For institutes like IBPSGuide in Erode, Tamil Nadu, Telegram serves as a growth hack. “We had 100 different WhatsApp groups until a while ago. Now, we have consolidated on Telegram. An open group where students help each other brings more traffic to us. Also, despite being in Erode, 80% of my registered students are from North India,” says Sukumar Elangovan, head of IBPSGuide.
But when it comes to content consumption, the most popular platforms for test-takers are video lectures on YouTube and Unacademy.
Sequoia-backed Unacademy has become India’s largest learning platform and has been onboarding educators to teach for tests for government and public sector jobs. It has more than 1,600 educators creating tutorial videos on the platform. Though Unacademy does not have a popular Telegram Channel, CEO Gaurav Munjal says “many of the educators on Unacademy have their own Telegram channels to distribute their lecture videos.”

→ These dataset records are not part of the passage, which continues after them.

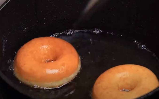 3. Готовим на среднем огне. Периодически переворачиваем и обжариваем до равномерного золотистого цвета с обоих сторон. Главное следить, чтоб пончики не подгорели, так как они очень быстро готовятся!
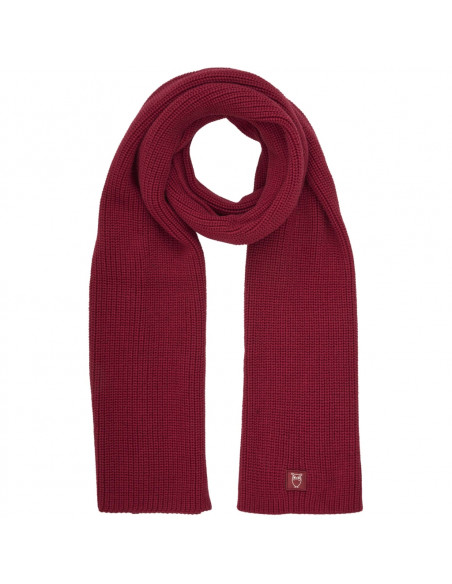 This scarf is knitted in a heavy rib-stitch from soft cotton to give it a warm and soft feel. It is finished with an owl badge at the end.
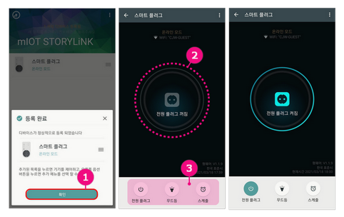 아래 버튼 3개 (③) 가 보여지는데전원 플러그 버튼을 누르면 전원을 원격으로 제어 할수 있습니다.
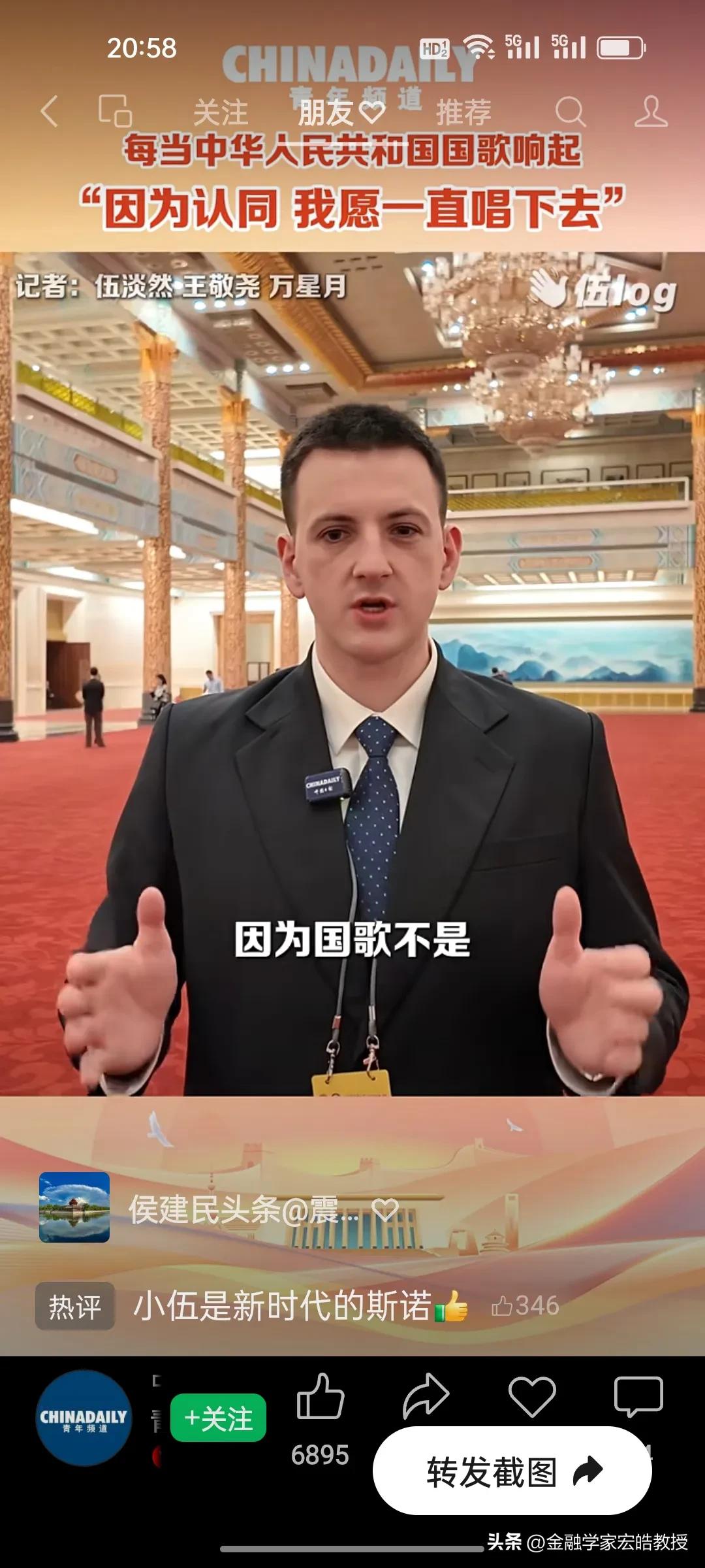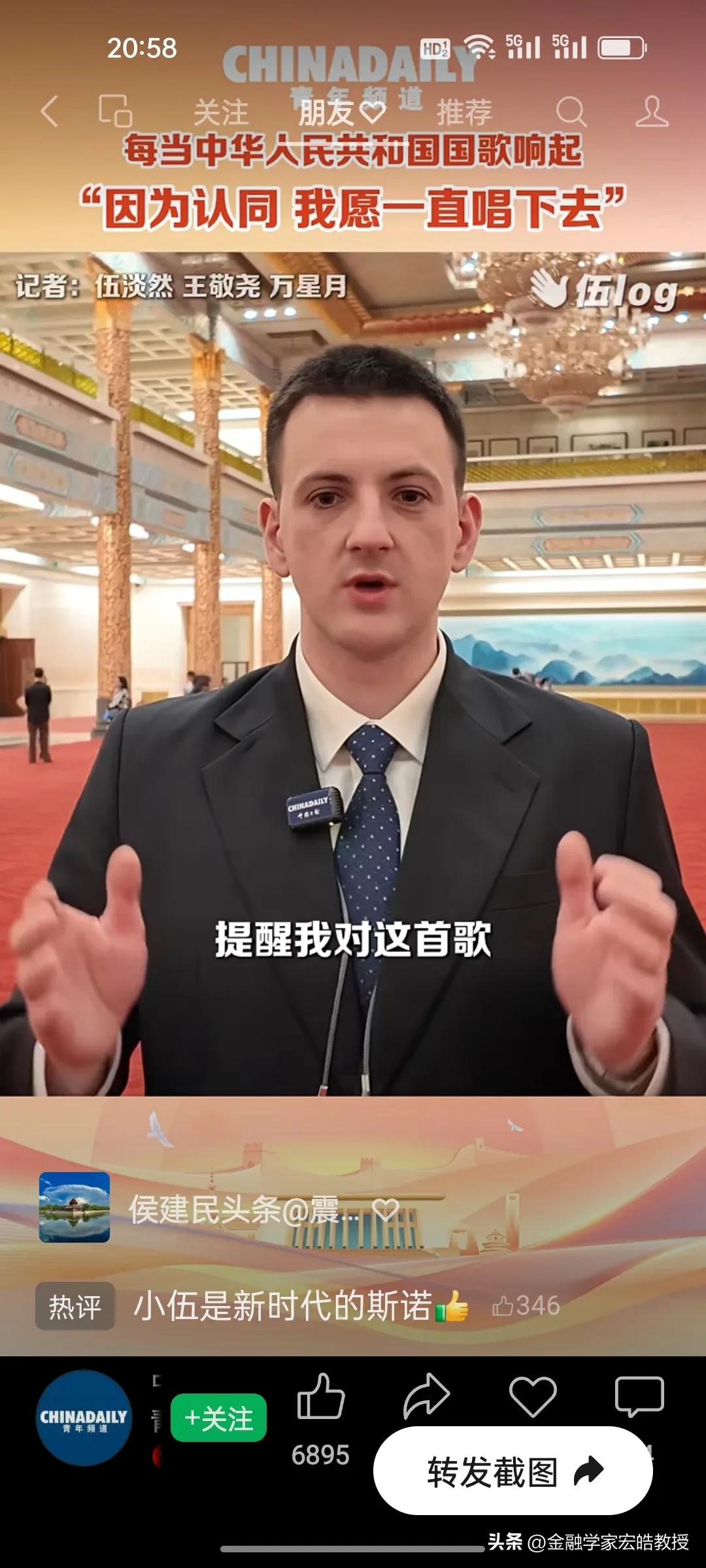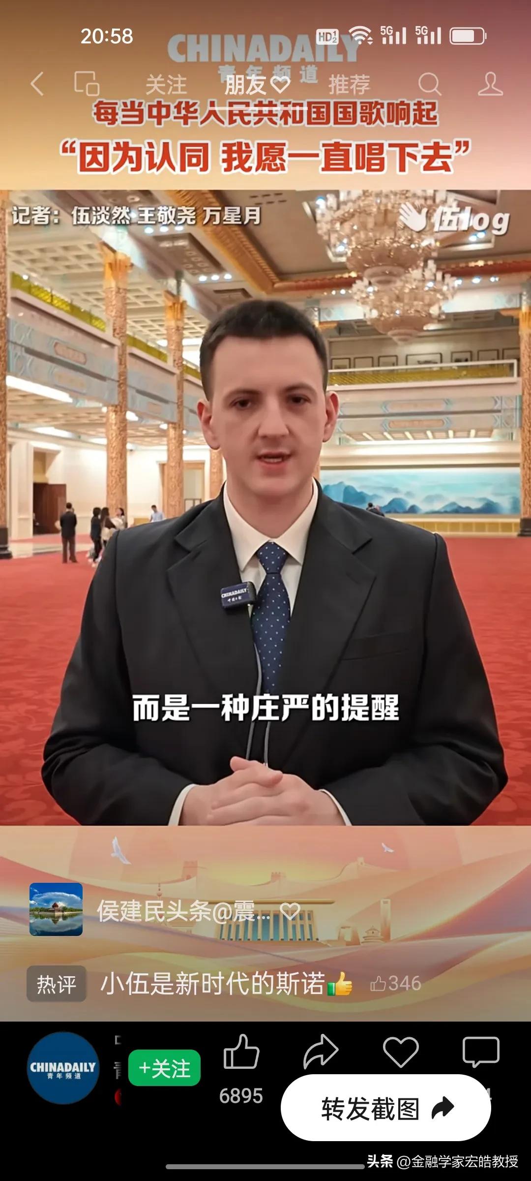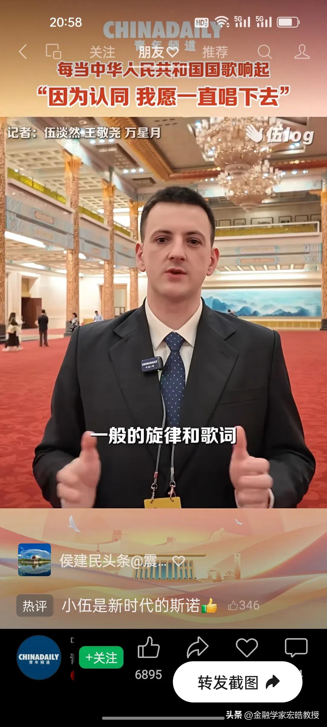 破防了!这个美国小伙记者在两会现场高唱中国国歌,估计特朗普看了都会沉默。 刚刚看到美国记者伍淡然在两会现场跟唱国歌的视频,瞬间破防!作为中国日报的外籍记者,他第二次亲历两会,坦言国歌不是普通旋律,而是庄严的提醒。 “因为认同,我愿意一直唱下去”,这句告白胜过千言万语。当他在人民大会堂和众人同唱时,共享的是同一份力量与敬意。 同样是美国人,一边是特朗普扬言扩大对伊朗的打击,一边是小伍用行动诠释对中国的认同。这或许就是最好的回答:真正的力量,从不是霸权的强硬,而是人心的凝聚与所向。
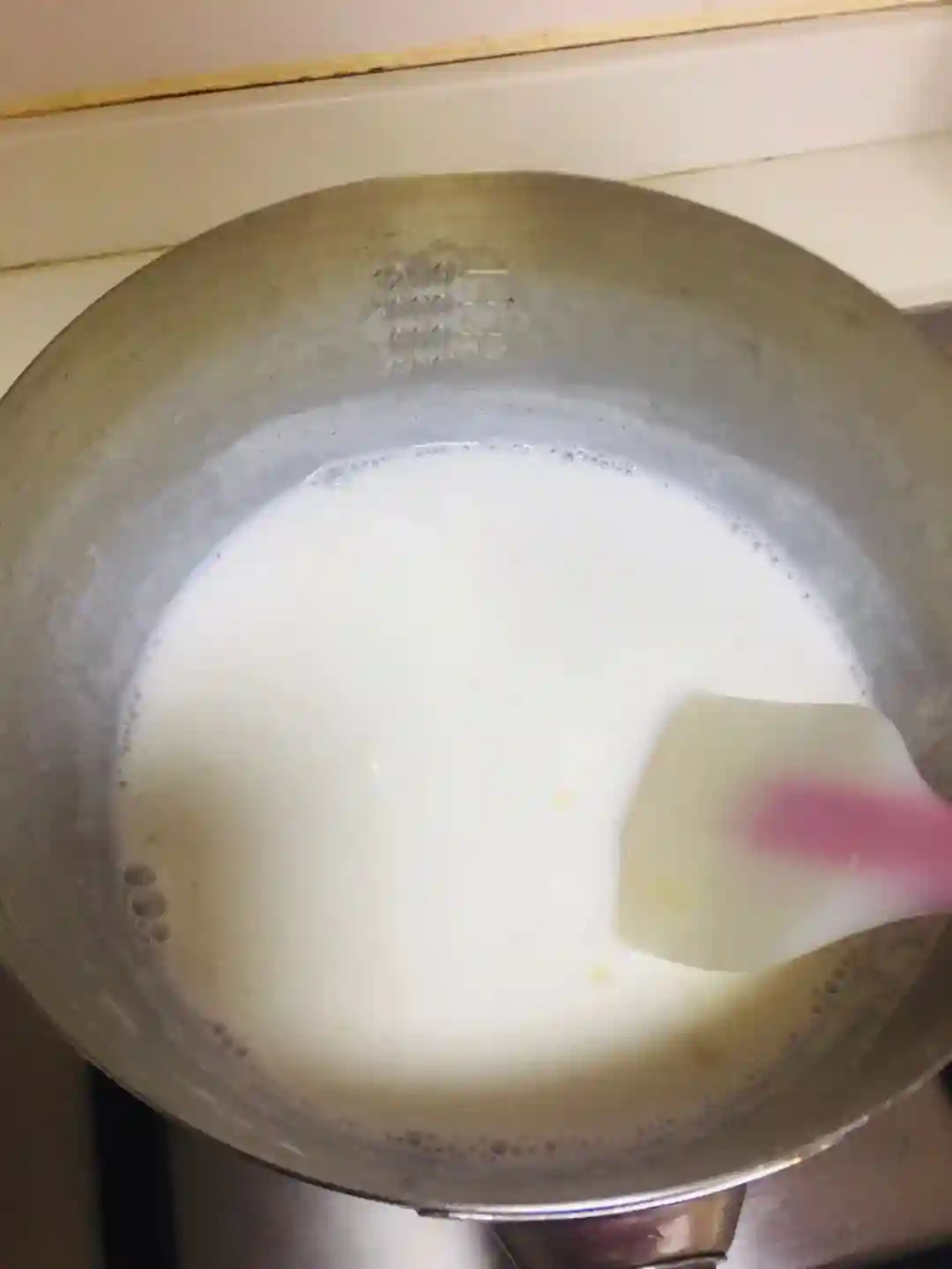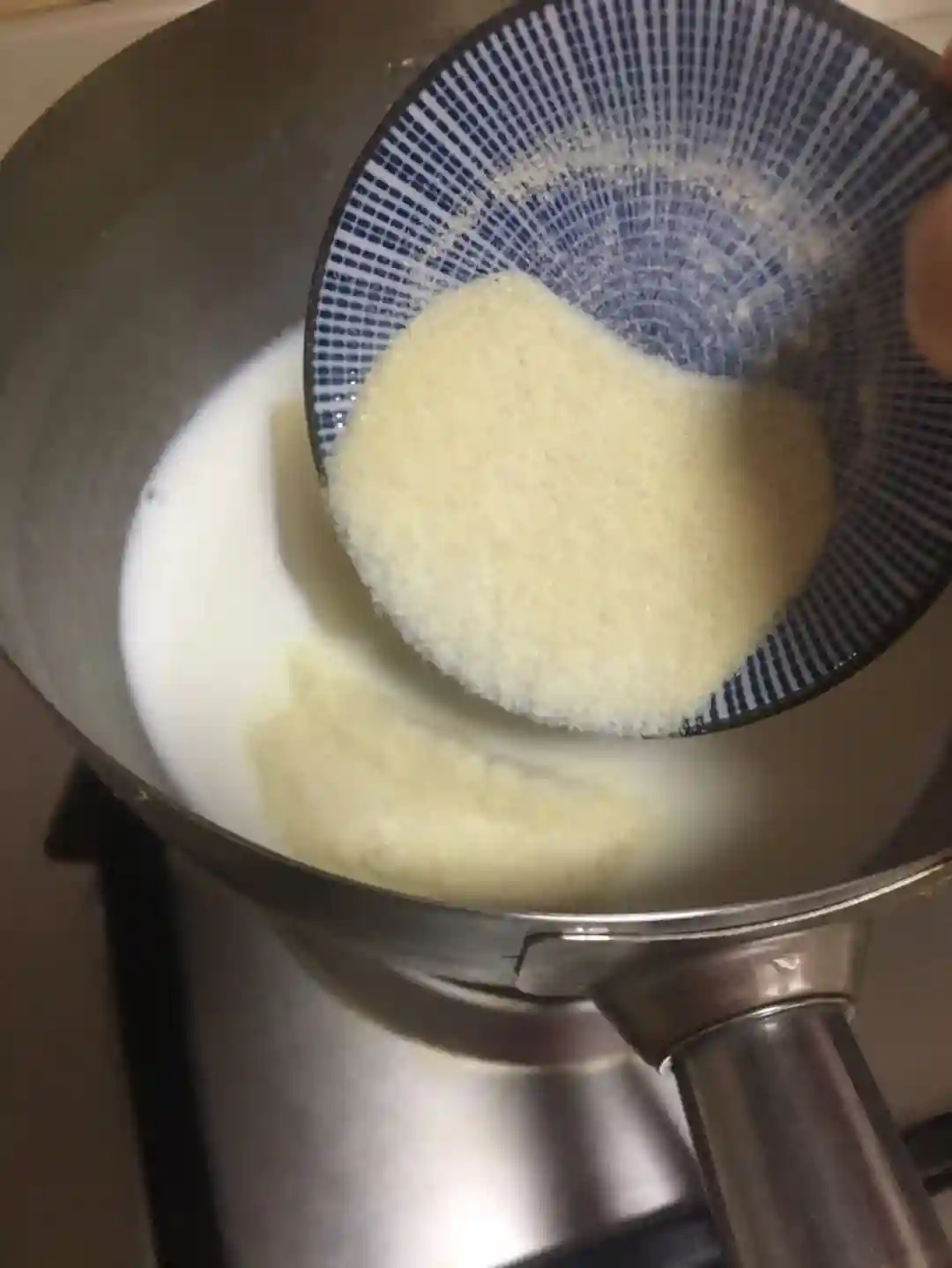 3/奶锅里加入牛奶、白糖、吉利丁粉,开小火加热,不停搅拌,使其溶化
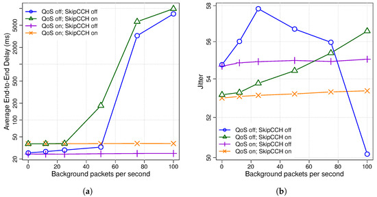 Regarding jitter, Figure 8b clearly shows lower and constant values (for any traffic load) when QoS is activated. The combination with the SkipCCH proposal activated is the one that obtains better jitter values. However, the differences in jitter values are not very significant in this case.
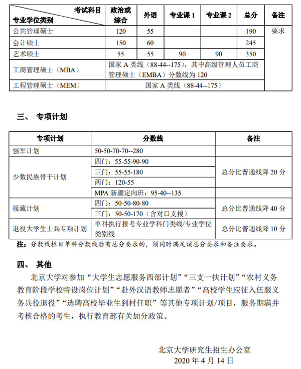 以上就是小編為大家整理“2020考研34所自主劃線分數線:北京大學2020年碩士研究生招生復試基本分數線”的全部內容,想了解更多相關內容,請持續關注本網站。
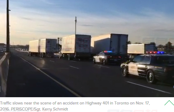 據680新聞報道,週二下午3點15分左右,一名40多歲的男子在Highway 401上被一輛商業卡車撞傷,傷情危急,被送往醫院。
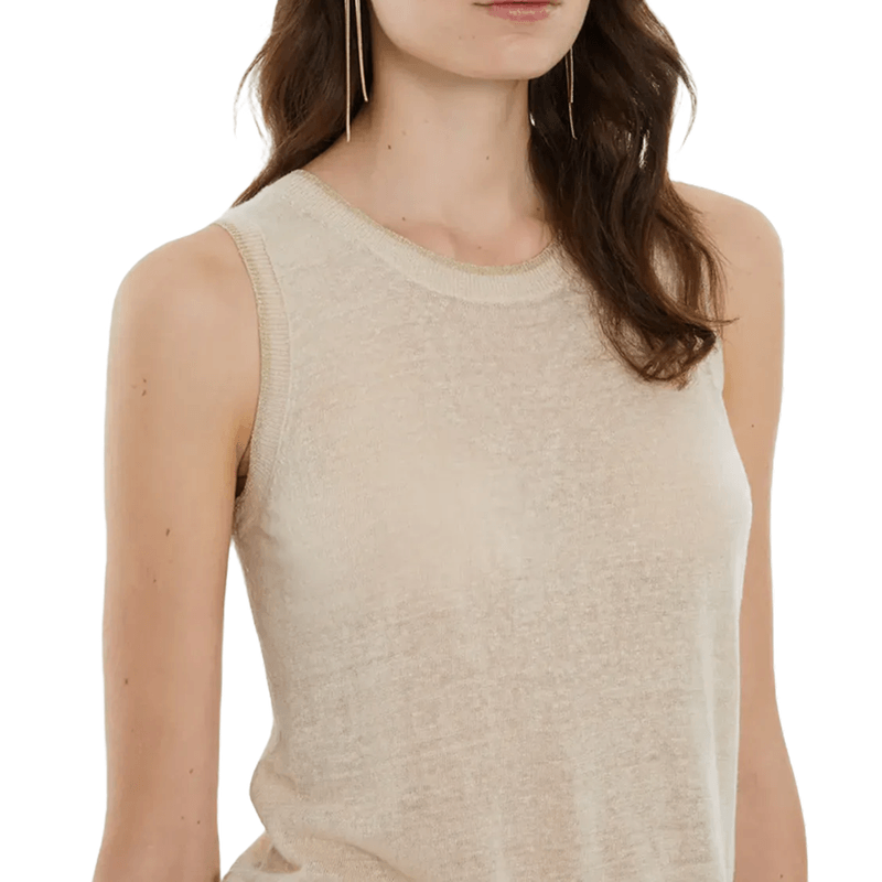 Jersey de punto fino en lino y algodón de escote redondo y sin mangas. Ribete con hilo metalizado oro en escote y contorno sisas. Regular fit.
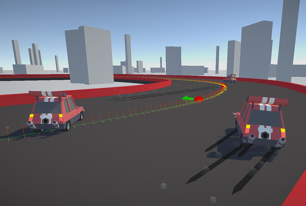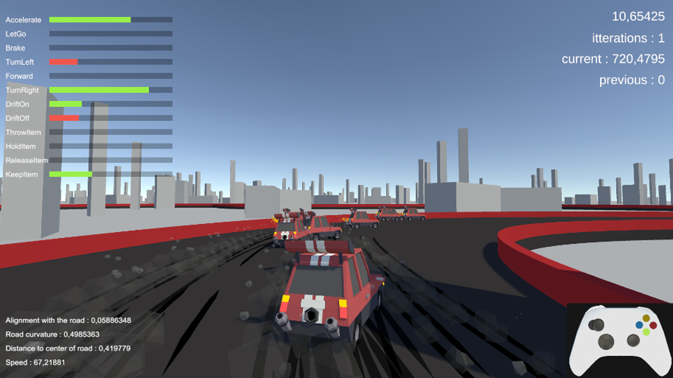 Après plusieurs mois de recherches, voici le fruit de celles-ci. Nous avons réussi a modifier la structure d'une IA dite "Utility AI" ou "Utility System, créé à l'origine pour les Sims en 1999, pour lui permettre de sélectionner plusieurs actions à la fois. De ce fait, l'IA a été rapidement capable de tourner et gérer sa vitesse en même temps, mais aussi de gérer des comportements de dérapage !
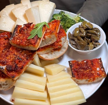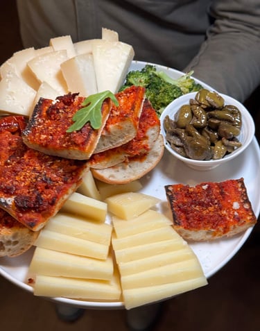 Lo chef di casa, Italo/spagnolo/canadese ama usare l’olio di Cleto, tra i migliori in Calabria, la Nduja, le olive ed il peperoncino, come si suol dire é “Spicy”.
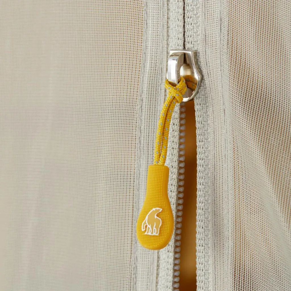 So enthält das Set ein passendes Gestänge sowie einen Satz Heringe und eine Wäscheleine. Zum Abspannen sind passende Leinen mit Wimpeln enthalten, in denen du Kleinkram verstauen kannst. Die Standard-Zip-Anhänger ersetzt du mit den Zughilfen im Set. Alle Teile sind farblich aufeinander abgestimmt und bringen so frischen Wind und ein paar Farbtupfer ins Camp!

To be clear, Telegram is not eating into the market share of any of the incumbents. On the contrary, it’s aiding them project their content to larger audiences.
“Telegram is a viral customer-acquisition platform for us,” says Bhola Meena, CEO of OnlineTyari. “This is the best discovery platform and distribution channel. But over time, you have to get the user who views your content to come to your platform.”
The OnlineTyari website and app together have over 8 million registered users, including 40,000 paid subscribers.
Oliveboard’s Patil says the startup acquires customers by pushing content suited to a specific medium. “We use Telegram the way students want. They want us to share PDFs, mock question papers, and other study materials on Telegram. On channels like Facebook and Instagram, we share information, since these are largely visuals and images.”
Oliveboard has about 4 million registered users on its platform and nearly 6,000 subscribers for its Telegram channel. “Telegram started becoming popular among test-takers only about a year ago. That is around the time we got on the platform,” says Patil. “All other players, too, have their own Telegram channels and participate in open groups as well.”
Patil clearly isn’t perturbed by Telegram’s growing popularity as a test-prep platform. Sure, “many rely on Telegram to get some portion of their notes, materials, mocks, etc.,” he says, but “I haven’t heard of any instance where one prepared only on Telegram. It is still an unstructured platform.”